We next assessed the effects of blocking the binding partner for the MAIT TCR, MR1. Previous studies have shown that when MR1 is blocked in MAIT cell co-cultures, activation is reduced, particularly at the earliest timepoints [57,60], suggesting that MR1-mediated activation of MAIT cells is both rapid and transitory, and likely replaced by other mechanisms such as IL-12 at later timepoints. We confirmed that MR1 is expressed by DCs and is unaffected by S. aureus infection (Figure S6A). To assess whether DC-expressed MR1 is a key binding partner for the MAIT cell TCR in S. aureus infection, MAIT–DC co-cultures were treated with MR1-blocking Abs and analysed at multiple timepoints.
MR1 blockade non-significantly reduces CD69 (Figure 4A) and significantly reduces Granzyme B (Figure 4C) expression by MAIT cells in response to S. aureus, while it appears to delay IFNγ expression. In the absence of MR1 blockade, IFNγ peaks at 12 h (Figure 4B), before declining at 24 h. However, the peak for IFNγ expression in MR1-blockaded cultures does not occur until 24 h or afterwards. At 6 h, MR1-blockaded cells display significantly reduced IFNγ production, but at 24 h, IFNγ production in these cells has recovered, displaying the delayed peak of a slower response (Figure 4B). IFNγ production was therefore not completely eliminated by MR1 blockade, but instead it was slowed down, which may be of paramount importance in an acute infection context such as S. aureus bacteraemia.

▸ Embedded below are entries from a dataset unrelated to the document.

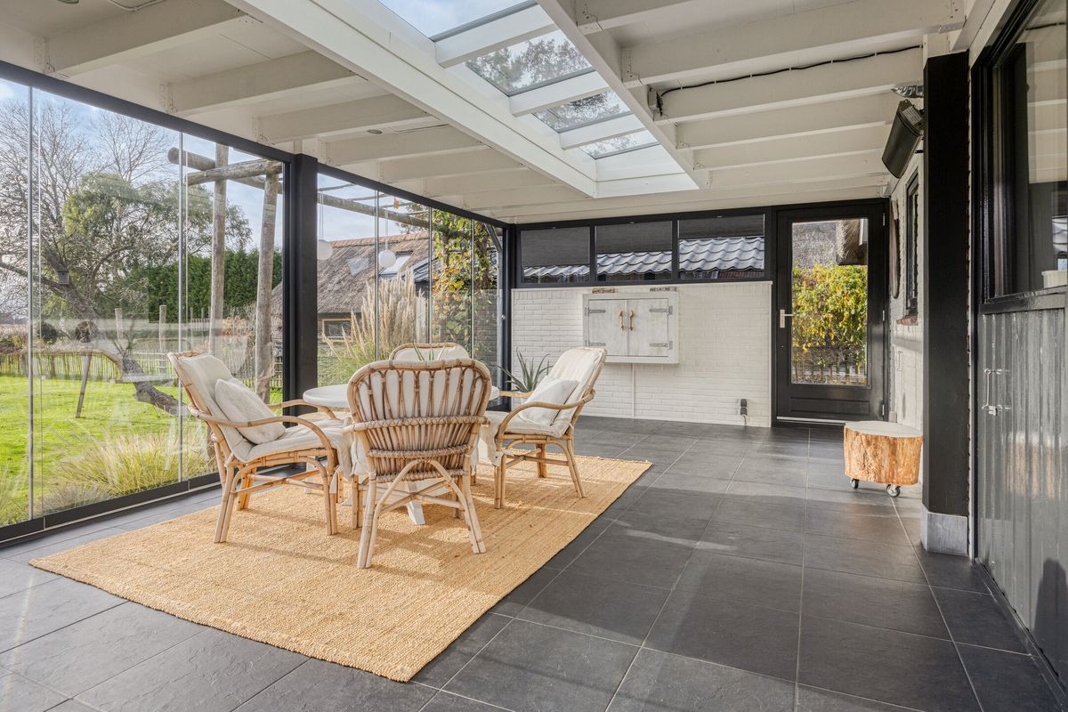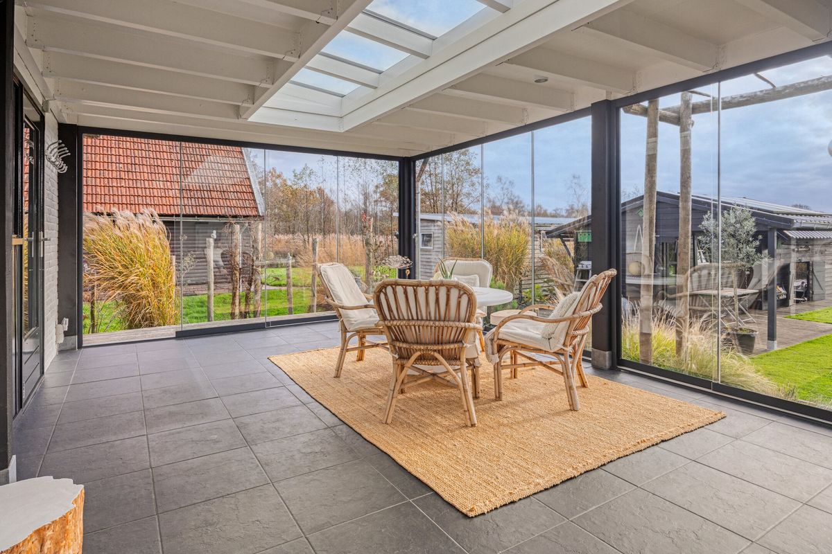 De diepe achtertuin beschikt over een mooi uitzicht over het water en de rietvelden, veel groen, diverse terrassen, een houten berging met overdekt terras, een botenhuis voor een punter en een berging. Naast de serre is er een berging/garage voor de elektrische micro-car.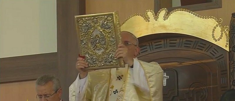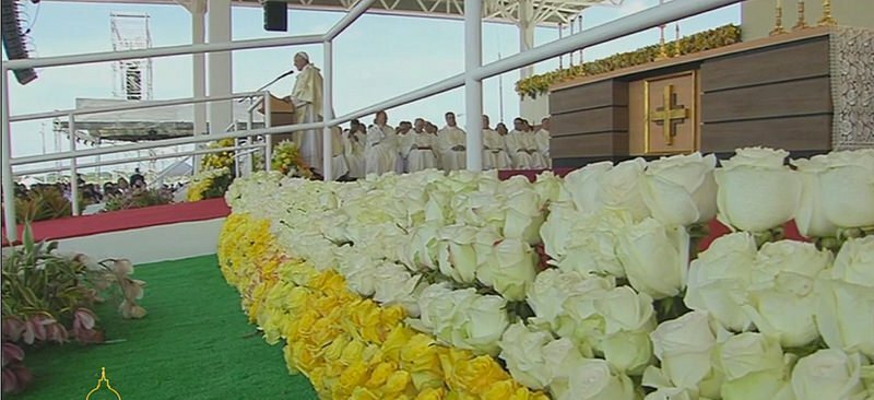 El altar, coronado por una cruz con los colores blanco y amadillo del Vaticano. Elegante, pero recargado, al estilo ecuatoriano y al estilo litúrgico del arzobispo de lugar, monseñor Arregui, del Opus Dei. Incluso la casulla papal bordada en oro. Y la sede, un tanto fastuosa, con partes dorados.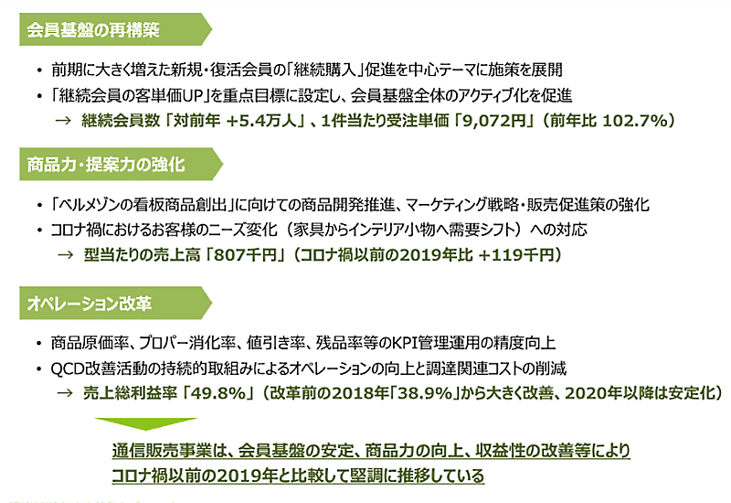 「商品力・提案力の強化」では、「ベルメゾンの看板商品創出」に向けての商品開発を推進、マーケティング戦略・販売促進策を強化した。コロナ禍における顧客ニーズ変化(家具からインテリア小物へ需要シフト)に対応することで、型当たりの売上高80万7000円となり、コロナ禍以前の2019年比で11万9000円増加した。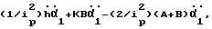 Первый положительный вход сумматора 63 /со стороны блока 62 умножения/ имеет коэффициент усиления 1/ip2, а его второй /со стороны датчика 83 ускорения/ и третий /со стороны блока 84 умножения/ положительные входы – коэффициенты усиления Кв и 2/ip2, соответственно. В результате на выходе этого сумматора формируется сигнал: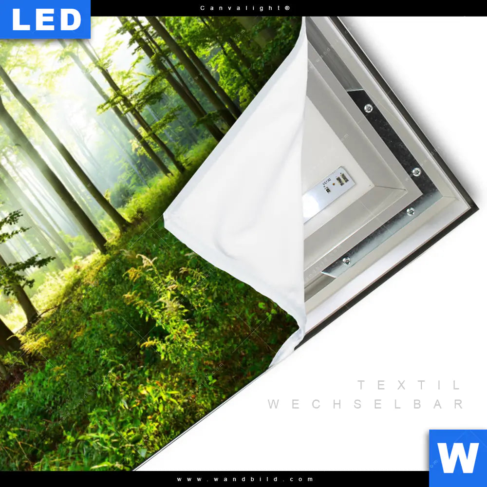 LED-Textilrahmen-Bild mit austauschbarem Landschaften, Wald - Bäume Textil-Druck (Wechselbild)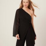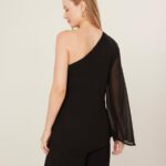 Blusa en tejido de gasa con corte asimétrico. Forro interior.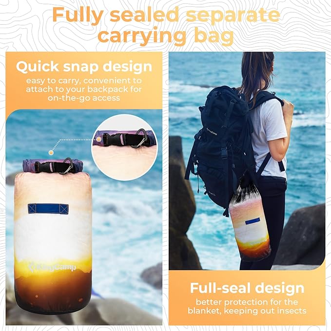 - MULTI-FUNCTIONAL & GIFT - READY: More than just a blanket for camping, it also works as a picnic mat, travel pillow, emergency sleeping bag, or office throw. The tightly woven fabric resists pet hair and is machine washable for easy care. Lightweight and compressible, this camp blanket packable design fits perfectly into daily life and travel. Its stylish look and practical function also make it a thoughtful gift for family, friends, or outdoor lovers.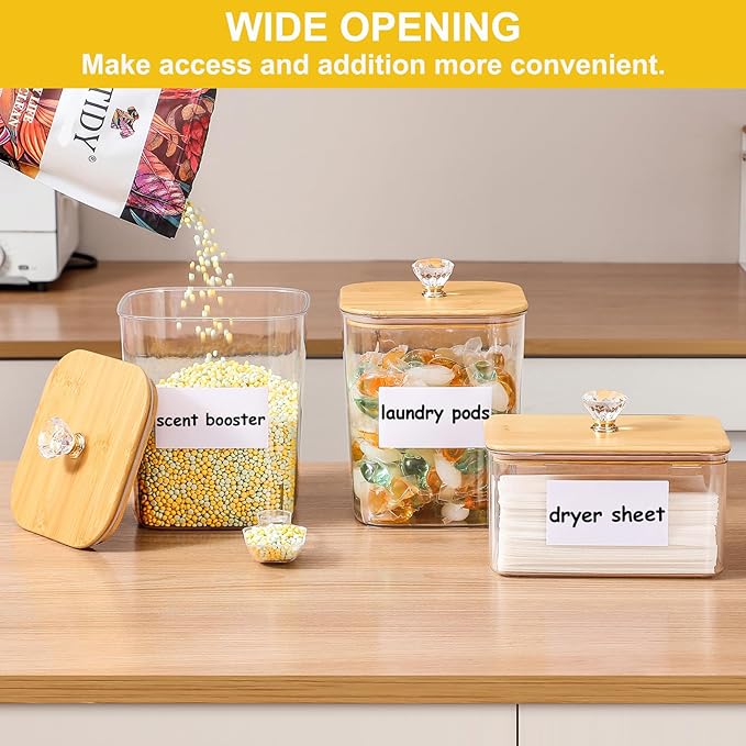 - 【Crystal Handle & 16 PCS Lables】 The stylish handle not only enhances the aesthetics of the plastic laundry organizer jar but also provides a comfortable grip, making the lid easier and more convenient to open and close. The white removable stickers and erasable black marker allow you to label items freely, customize your storage space.

Combined treatment with anti-MR1 and anti-IL-12 antibodies appears to further reduce Granzyme B expression at 12 h, (Figure S7) suggesting that IL-12 and MR1 act independently to induce production of this cytotoxic mediator. MR1 blockade significantly reduced E. coli-induced activation of MAIT cells (Figure S6B,C) as has previously been reported [33,59].
In conclusion, these results show that S. aureus-induced responses by MAIT cells are controlled both by MR1 and by IL-12. Binding of MR1 by the MAIT TCR induces IFNγ within 6 h of exposure to S. aureus-infected DCs, while CD69 and Granzyme B responses, also induced by MR1, become detectable after 6 h. IL-12 released by infected DCs likely acts to enhance expression of CD69, IFNγ and Granzyme B by MAIT cells, further arming these cells for tackling S. aureus infection.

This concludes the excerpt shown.